- Born: Amanda Eubanks Winkler

Academic background
- Alma mater: Illinois State University (B.M.); University of Michigan (M.A., Ph.D.);

Academic work
- Institutions: Rutgers University, Mason Gross School of the Arts

= Amanda Eubanks Winkler =

American historian

Amanda Eubanks Winkler is a British-American scholar of English music and theater. She is Director of the Department of Music at Mason Gross School of the Arts, Rutgers University. Formerly she was Chair and Professor of Music History and Cultures in the Department of Art and Music Histories at Syracuse University College of Arts and Sciences. Between 2017–2020, she collaborated with the theater historian Richard Schoch on the AHRC Research Project Performing Restoration Shakespeare.

== Education ==
Eubanks Winkler completed a B.M. in music history and literature and vocal performance, summa cum laude, at Illinois State University in 1994. She earned a M.A. in musicology from University of Michigan in 1996 and a Ph.D. from the same institution in 2000.

== Career ==
Eubanks Winkler joined the faculty of Syracuse University College of Arts and Sciences in 2001. She moved to Rutgers in 2023. Her research focuses on English theater music and culture.
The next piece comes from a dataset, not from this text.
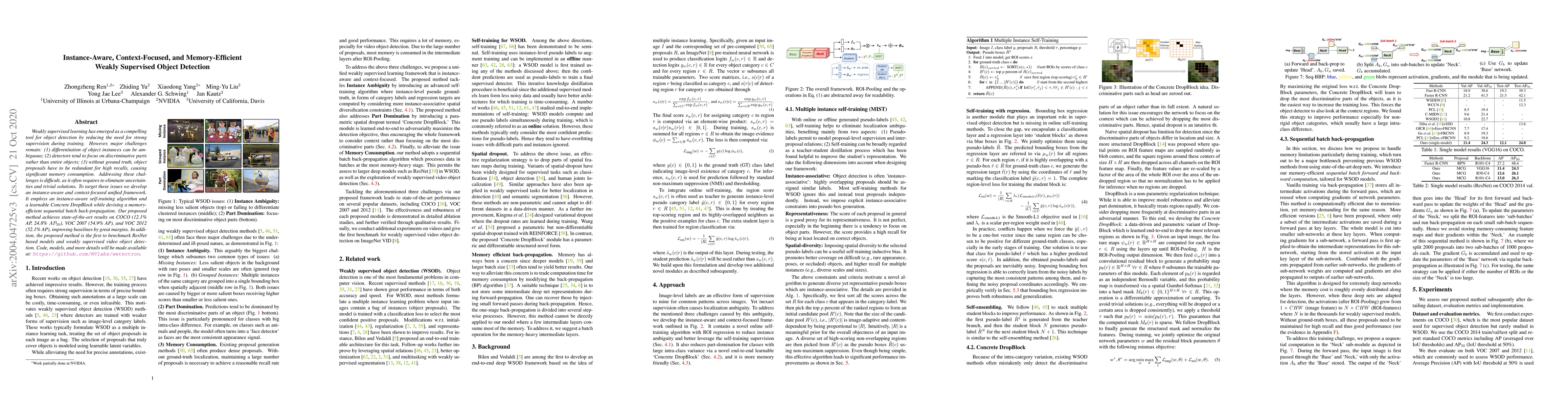 This paper proposes an instance-aware, context-focused framework for weakly supervised object detection that addresses ambiguities in instance differentiation, focuses on entire objects, and minimizes memory usage. The method achieves state-of-the-art results on COCO, VOC 2007, and VOC 2012 datasets, and introduces a benchmark for ResNet-based models in weakly supervised video object detection.

She was the co-investigator on Performing Restoration Shakespeare, a project funded by the Arts and Humanities Research Council in the UK (2017-2020) and she is a general editor for The Collected Works of John Eccles (A-R Editions). She has published on a range of topics, including books and essays on Restoration theater music, music and Shakespeare, children's performances in early modern England, performance practice and contemporary Broadway musicals. More recently, she has engaged with practice-based research, running workshops that staged excerpts of William Davenant's Macbeth and Charles Gildon's Measure for Measure (Folger Theatre, Washington DC) and Thomas Middleton's The Witch (Blackfriars Conference, Staunton, Virginia). As part of the Performing Restoration Shakespeare project, she was the music director for a workshop of the Restoration-era Tempest (Sam Wanamaker Playhouse, Shakespeare's Globe, London) and co-led a workshop for scholars and was a consultant for a full professional production of Davenant's Macbeth at the Folger Theatre, Washington DC.

== Selected works ==
=== Books ===
- Eubanks Winkler, Amanda (2006). "O Let Us Howle Some Heavy Note: Music for Witches, the Melancholic, and the Mad on the Seventeenth-Century English Stage"
- Austern, Linda Phyllis (2017). "Beyond Boundaries: Rethinking Music Circulation in Early Modern England"
- Eubanks Winkler, Amanda (2020). "Music, Dance, and Drama in Early Modern English Schools"
- Eubanks Winkler, Amanda (2021). "Shakespeare in the Theatre: Sir William Davenant and the Duke's Company"
- Eubanks Winkler, Amanda; Fretz, Claude; Schoch Richard (2023). Performing Restoration Shakespeare. Cambridge University Press. ISBN 9781009241212.